Radiation-induced chronic injuries increase the risk of sarcomagenesis. A, The final injury scores of the control and p53KD mice that received 30 or 40 Gy are plotted. The final injury scores of mice that did not develop a radiation-induced sarcoma (blue) are compared with the scores of mice that did develop a radiation-induced sarcoma (red). P value is from a t test. B, Kaplan–Meier curves show radiation-induced sarcoma-free survival of the control and p53KD mice irradiated with 30 or 40 Gy to the hind limb. Mice with chronic injury scores equal to or less than 3 are compared with mice with chronic injury scores greater than 3. P value is from a cox proportional hazards model.

FIGURE 4

Radiation-induced sarcomas exhibit an increase in proliferative gene programs and a decrease in myogenic differentiation programs. A, Heat map of the top 75 differentially expressed genes in radiation-induced sarcomas (n = 16) versus normal muscle (n = 7). Genes (rows) are colored by scaled, normalized expression values. Both rows and columns are clustered. B, Volcano plot of log₂ fold change for all genes with base mean greater than 50 in tumor (n = 16) versus normal (n = 7).
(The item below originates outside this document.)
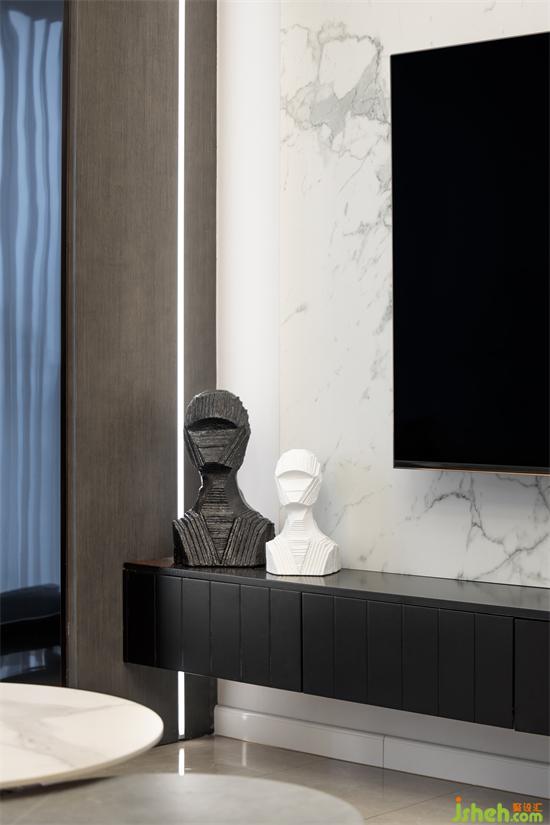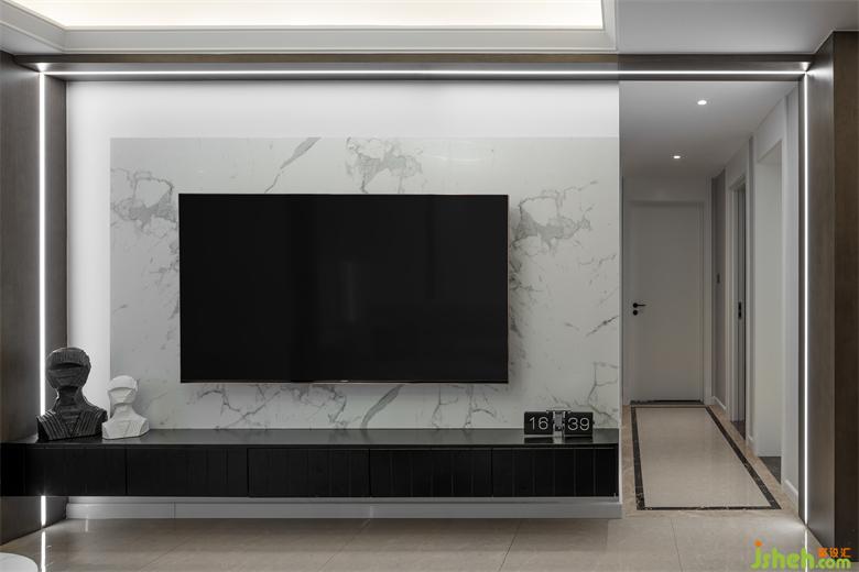 黑色定制电视柜极具质感,悬空设计增加了视觉空间和使用空间,家装设计整体效果干净、简洁、通透。
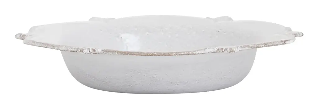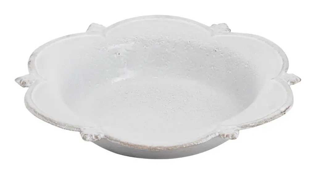 How pretty is our Astier de Villatte Isolde Dish? Drawing on 19th-century pottery designs, this chic little dish comes to us from Astier’s historic Paris workshop, where it was crafted from black terracotta clay sourced from the Paris Basin and a handcarved plaster mold — a slow-paced, traditional process straight from the Middle Ages that gives each piece its own unique charm. Once formed into shape, it’s coated with the brand’s signature milky white glaze, which lets hints of that natural clay color peek through for a perfectly imperfect feel. With its classic, hexafoil-shaped silhouette, petite floral details and fresh, bright hue, our Isolde Dish is such a lovely finishing touch for any space, whether you use it for serving sauces and condiments at an elegant dinner party; for plating nuts or olives on a sumptuous grazing table; or as a gorgeous catchall dish on a side table or vanity. •black terracotta clay•white glaze•astier de villatte•handmade in paris •each is unique Dimensions: •approximately 6" diameter x 1"H Care:•hand wash only •not microwave safe

Labeled genes have a nominal −log₁₀P value greater than or equal to 30. C, Normalized enrichment scores for all FDR significant pathways for GSEA of Hallmark pathways. Points are colored by −log₁₀ (nominal P value). D, Scatter plot comparing the differentially expressed pathways between tumors that arose in irradiated tissues (Rad) versus sporadic (Spor) tumors in mouse (y-axis) and human (x-axis) datasets. The EMT pathway is highlighted with a green dot. E, Boxplot showing gene expression of EMT pathway targets in mouse radiation-induced UPS compared with p53/RB tumors (top) and in human radiation-associated undifferentiated sarcomas compared with sporadic undifferentiated sarcomas.

FIGURE 5

Comparison of CNV and expression of specific oncogenes. Boxplot showing gene expression of Yap1 (A), Met (B), and Cdk4 (C) in radiation-induced sarcomas where the gene amplification status is known to be amplified (pink), not amplified (orange), or unknown (gray) compared with normal muscle (blue).